*EXERCISE DESCRIPTION*.
Only the lines from the one with "Bukti JP PP" through the end of the data below belong in the answer, restated word for word, pictures excluded.

********************

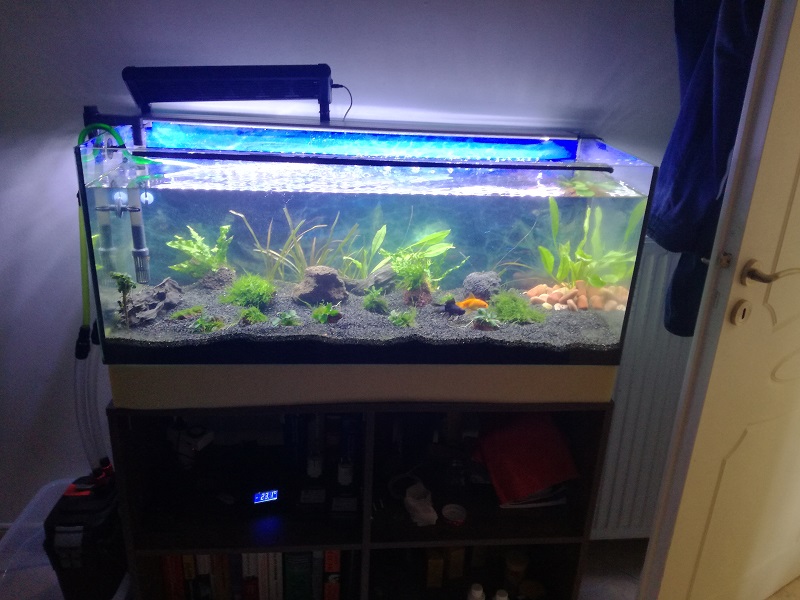 Επιτέλους μπορώ να πω με σχετική σιγουριά ότι το ενυδρείο στρώθηκε. Εδώ και 3 ημέρες μετράω αμμωνία 0 (με 2 διαφορετικά τεστ), NO2 0 και NO3<10 αλλά μη μηδενικά. Χρησιμοποιώ τεστ της sera οπού είναι δύσκολο να διακρίνεις τη χρωματική διαφορά για μικρή ποσότητα NO3. Το συνέκρινα με νερό βρύσης και ήταν σαφής η διαφορά των 2. Το πρόβλημα τελικά ήταν στο φίλτρο και στις σωληνώσεις. Με το που τα καθάρισα η αμμωνία μηδένισε. Προστέθηκε και αεραντλία για καλύτερη οξυγόνωση.
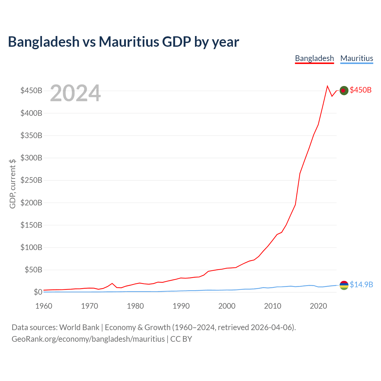 Bangladesh has a GDP of $450B compared to $14.9B for Mauritius, ranking 36/197 and 143/197 by economy size, respectively.
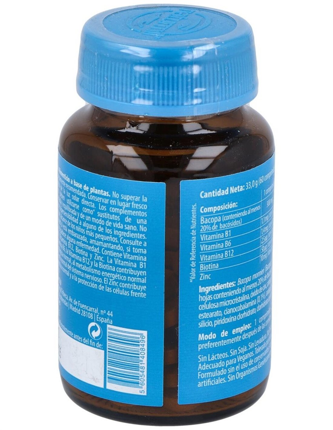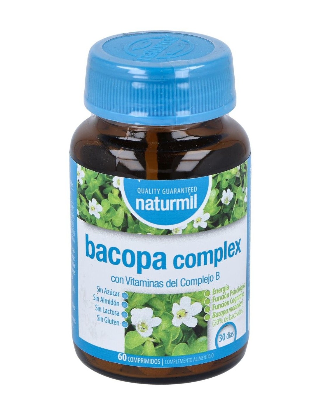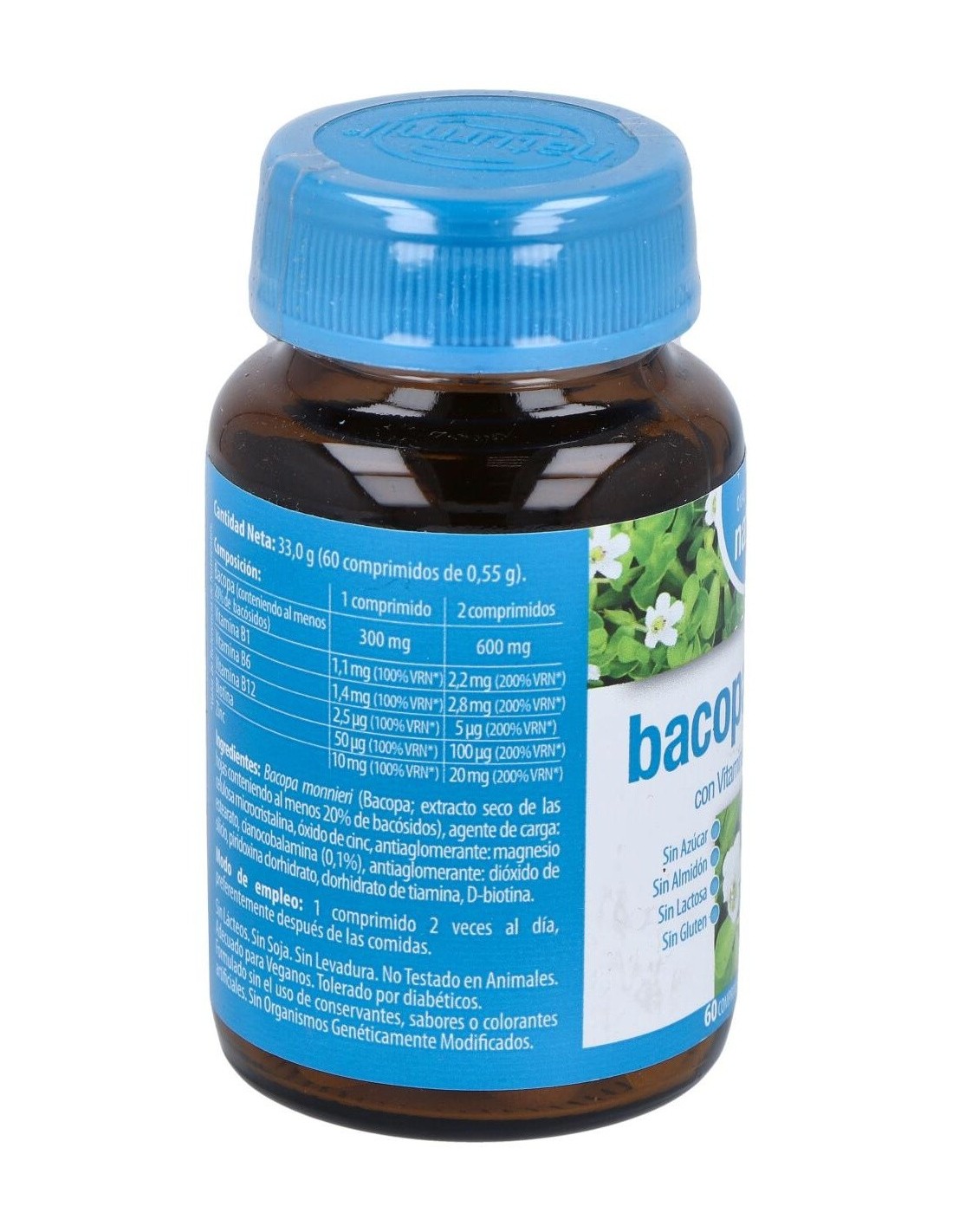 - Contiene 300 mg por comprimido de extracto estandarizado de Bacopa, que contribuye a mantener funciones cognitivas saludables.
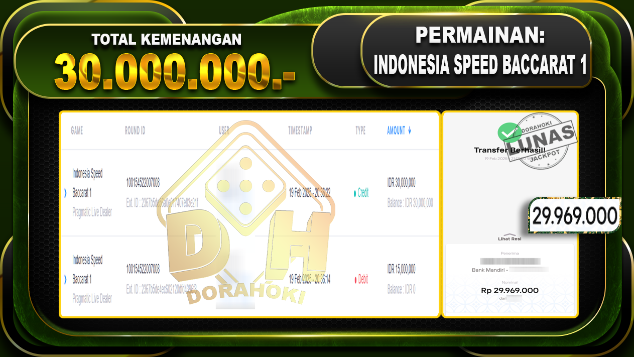 Bukti JP PP LIVE SPEED BACCARAT B – ucapkan selamat kepada user id desiani1xxx atas kemenangan di LIVE SPEED BACCARAT B dengan total kemenangan Rp.30.000.000,- . Yang pasti nya langsung LUNAS sesuai bukti ya bosku. Dorahoki nih bosku berapapun akan tetap kami bayar lunas ya bosku.
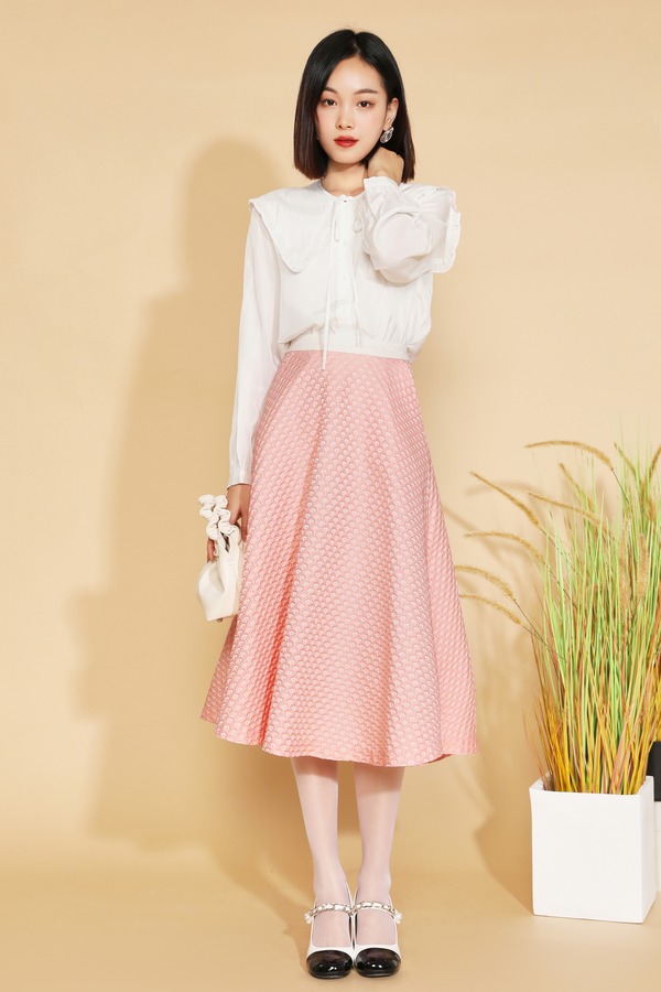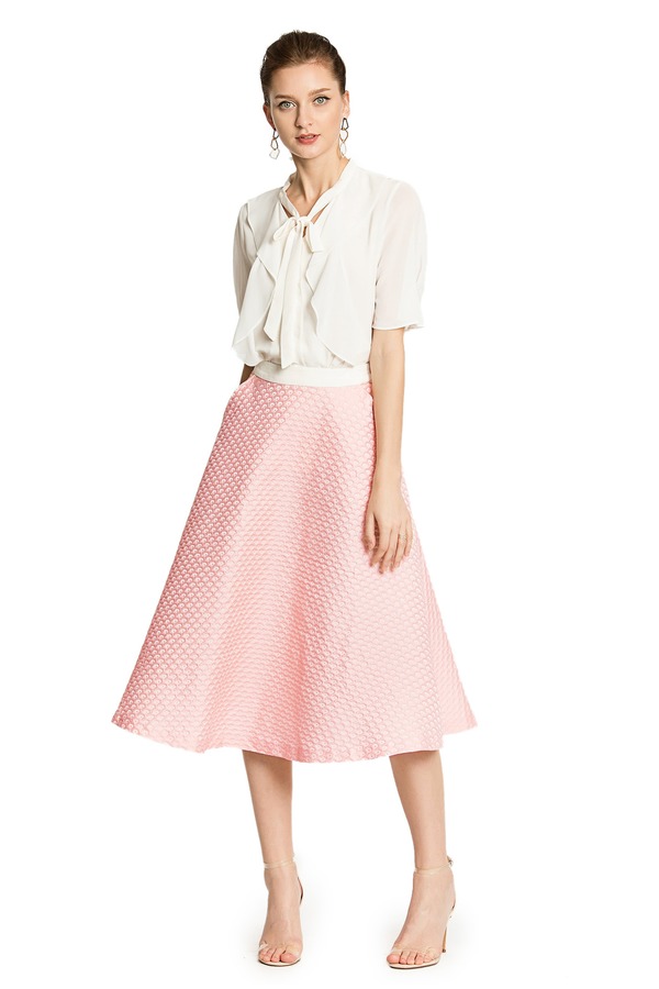 DEL CHEN 粉色肌理感A型半身裙 2534

********************

*SOLUTION TO THIS EXERCISE*.
 Bukti JP PP LIVE SPEED BACCARAT B – ucapkan selamat kepada user id desiani1xxx atas kemenangan di LIVE SPEED BACCARAT B dengan total kemenangan Rp.30.000.000,- . Yang pasti nya langsung LUNAS sesuai bukti ya bosku. Dorahoki nih bosku berapapun akan tetap kami bayar lunas ya bosku.
 DEL CHEN 粉色肌理感A型半身裙 2534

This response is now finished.